The impact on startups and companies
For startups, particularly those focused on climate technology, Article 9 brings both challenges and opportunities. Eligible companies may hesitate due to the high costs associated with proving their Article 9 suitability. Gathering, validating, and reporting the required sustainability data, maintaining Life Cycle Assessments (LCA), and proving ongoing capability can be resource-intensive. However, these requirements are becoming commonplace for any business that seeks to scale sustainably, and the benefits far outweigh the costs.
For founders of climate tech companies that meet Article 9 criteria, the rewards are significant:
- Access to a larger group of sustainability-focused investors, including the potential for non-dilutive funding.
- Improved talent acquisition and retention, as employees increasingly prioritize sustainability in their career choices.
- The potential for corporate acquirers and investors to offer a premium for validated sustainability efforts.
As more capital flows into sustainable solutions, more companies are likely to grow beyond the startup phase and become successful businesses, scaling their impact significantly.
Moreover, there is a growing interest among young entrepreneurs and seasoned professionals alike in becoming impact-oriented founders, which bodes well for the future of climate innovation.
The Impact on society as a whole
On a broader level, the SFDR is a key pillar supporting the successful implementation of the European Green Deal, a set of policy initiatives aimed at reducing net greenhouse gas emissions by at least 55% by 2030 compared to 1990 levels.
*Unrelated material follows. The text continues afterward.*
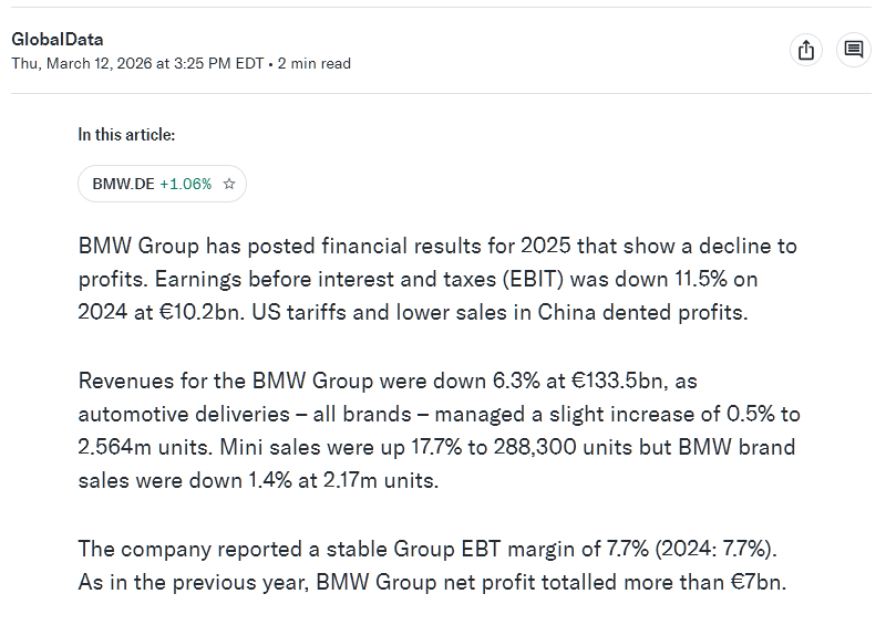 overall earnings are down 11.5% YoY.revenue is down 6.3% YoY.bmw brand sales figures are down 1.4% YoY.profit margin was stable YoY due to cutting $2.5B from operating costs, and mini brand sales increasing.
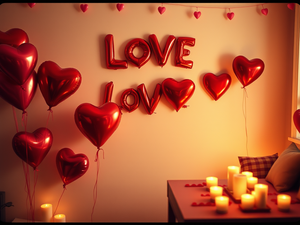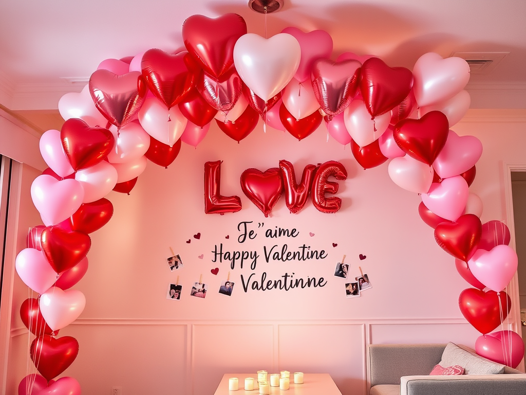 - Ballons rouges/roses (gonflés à l’air pour rester élégant)

The ultimate goal is to create a climate-neutral economy by 2050.
The Green Deal focuses on transforming the EU into a modern, resource-efficient, and competitive economy. This transformation requires transparency in financial markets and strong measures to prevent greenwashing. However, some critics argue that the vagueness of certain SFDR criteria has opened the door to further greenwashing attempts. A 2022 review by Morningstar found that 23% of investment products labelled as Article 8 did not live up to their ESG principles.
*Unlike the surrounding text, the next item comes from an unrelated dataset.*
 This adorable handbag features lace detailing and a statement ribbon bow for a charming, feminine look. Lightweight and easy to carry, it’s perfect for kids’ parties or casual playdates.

These criticisms are not unfounded. Shortly after the SFDR was introduced, some funds tried to exploit the framework by claiming Article 8 or 9 status despite weak sustainability objectives. National regulators, however, were quick to investigate and reprimand these funds, resulting in significant disruptions among fund investors. This set a new standard for compliance and has discouraged further greenwashing attempts. Additionally, larger fund investors have become more adept at assessing the sustainability and impact claims of funds, including those aligned with Article 9.
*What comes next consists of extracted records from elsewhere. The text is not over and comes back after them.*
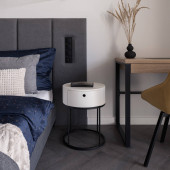 Panorama stylowej sypialni z dużym i wygodnym łóżkiem z widokiem na nowoczesną kabinę prysznicową ze szklaną ścianą
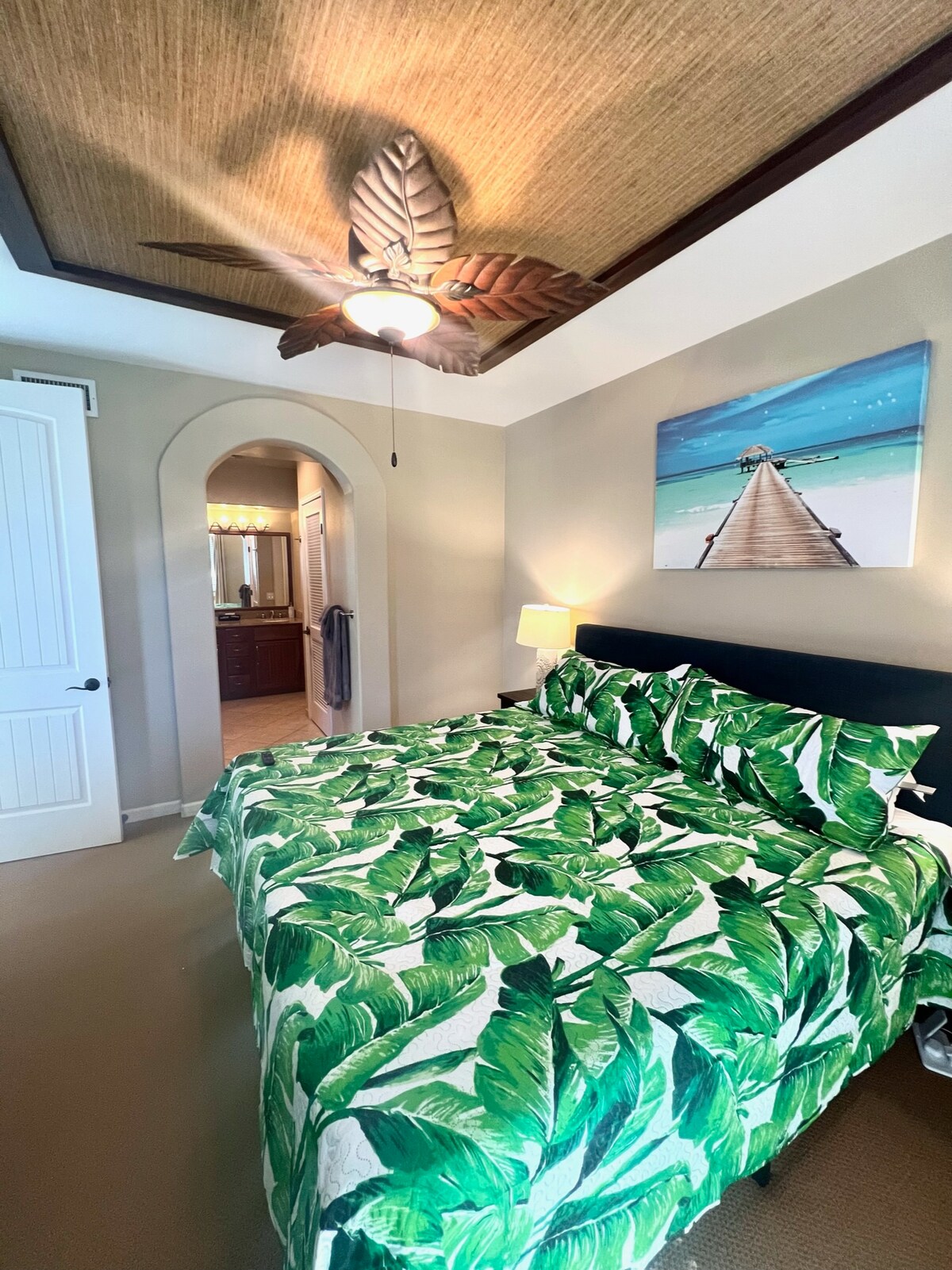 位於威可洛亞海灘大道(Waikoloa Beach Drive)。這個熱帶天堂是我們的第二個家,並且受到妥善維護。佈局開放、清新且明亮。這是一個真正的家,擁有您需要的所有舒適。從兩個陽台上,您可以看到高爾夫球場。非常安靜和美麗的環境。我們的兩層聯排別墅有兩間寬敞的臥室和浴室。我們還有一個私人洗衣房,配有全尺寸洗衣機/烘乾機和全功能廚房。
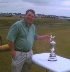 slightly out of his depth when last week, he came within touching distance of the famous Claret Jug. Andy, despite having been ignominiously dumped out of all the Club competitions he has played in this year, still harboured dreams of higher things (and for once this didn’t refer to some superior religious entity *). Andy was heard to say “if I only had the time to play seven days a week instead of six, maybe I would have a chance of getting my hands on this trophy. I will have to look at contracting out the ironing in the future”. We wish Andy all the best in both his quests.
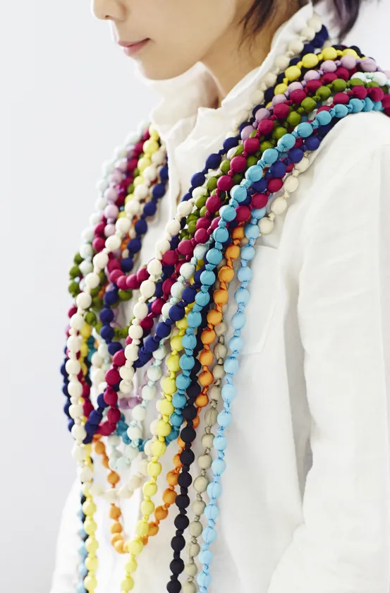 ベトナムの伝統織物シルクを用いて作られているネックレス。ベトナムの農村部では昔ながらの農業に頼る生活のため、収入を得る手段が限られていることが課題だが、ネックレスを作ることで収入の向上につながっている。
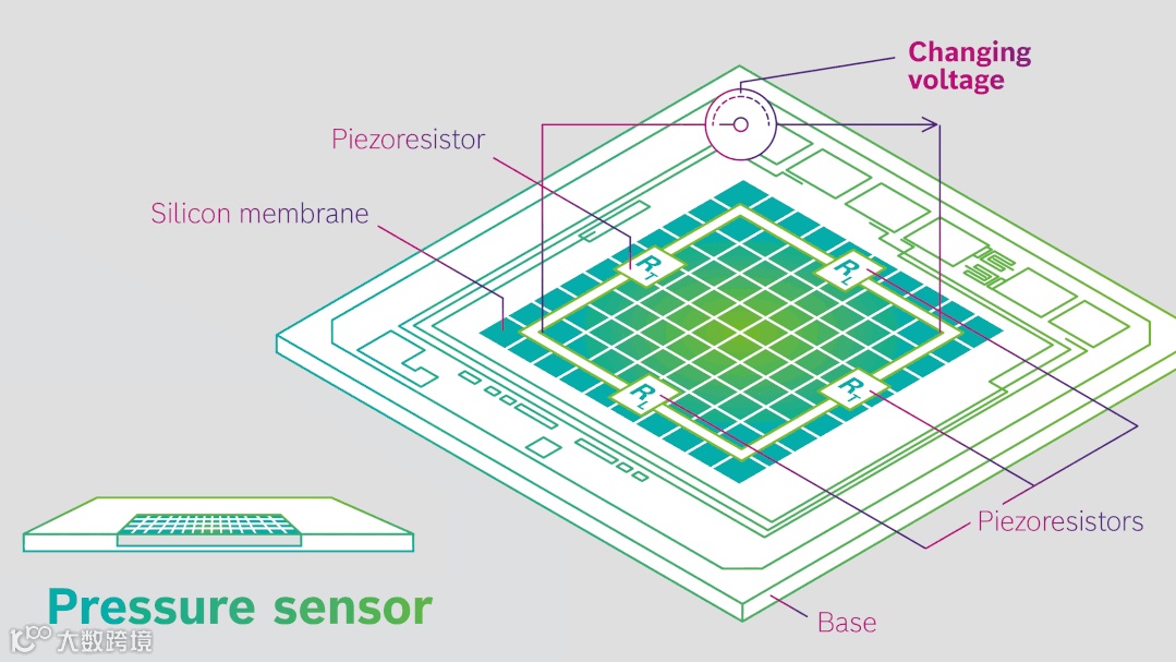 下图是一种MEMS电阻式压力传感器的工作动图,由一个带有硅薄膜的底座和安装在其上的电阻结构组成,当外力施加时,电压与压力大小成比例变化产生测量值。
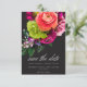 Moody Luxe Floral Vibrant Pink Black Photo Wedding Save The Date
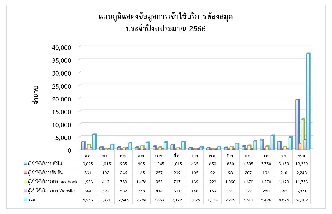 งานห้องสมุด กองบริหารวิทยาเขตจันทบุรี สำนักงานอธิการบดี ขอแจ้งข่าวสถิติการให้บริการ ประจำเดือนกันยายน พ.ศ.2566
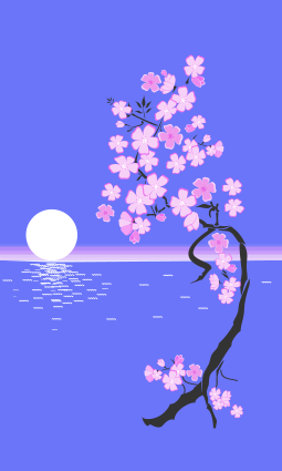 This features a beautiful pink cherry blossom tree with delicate flowers, floating above the water. In the distance, there is a full moon on the horizon and its reflection can be seen in the water below. This serene scene creates an atmosphere of tranquility and peacefulness. The combination of the vibrant colors of the cherry blossoms and the gentle glow of the moon make for a captivating visual experience.

A powerful tool for a sustainable future
After a somewhat turbulent start, the SFDR now stands as a powerful tool against greenwashing in the EU and is expected to have a lasting influence on investors, companies, and society as a whole. By holding funds accountable for their sustainability claims, Article 9 funds are driving a financial shift toward truly impactful investments.
As transparency improves and impact becomes a priority, Article 9 funds are set to play an increasingly pivotal role in the EU’s efforts to create a sustainable, climate-neutral economy, benefiting investors, companies, and society in the long term.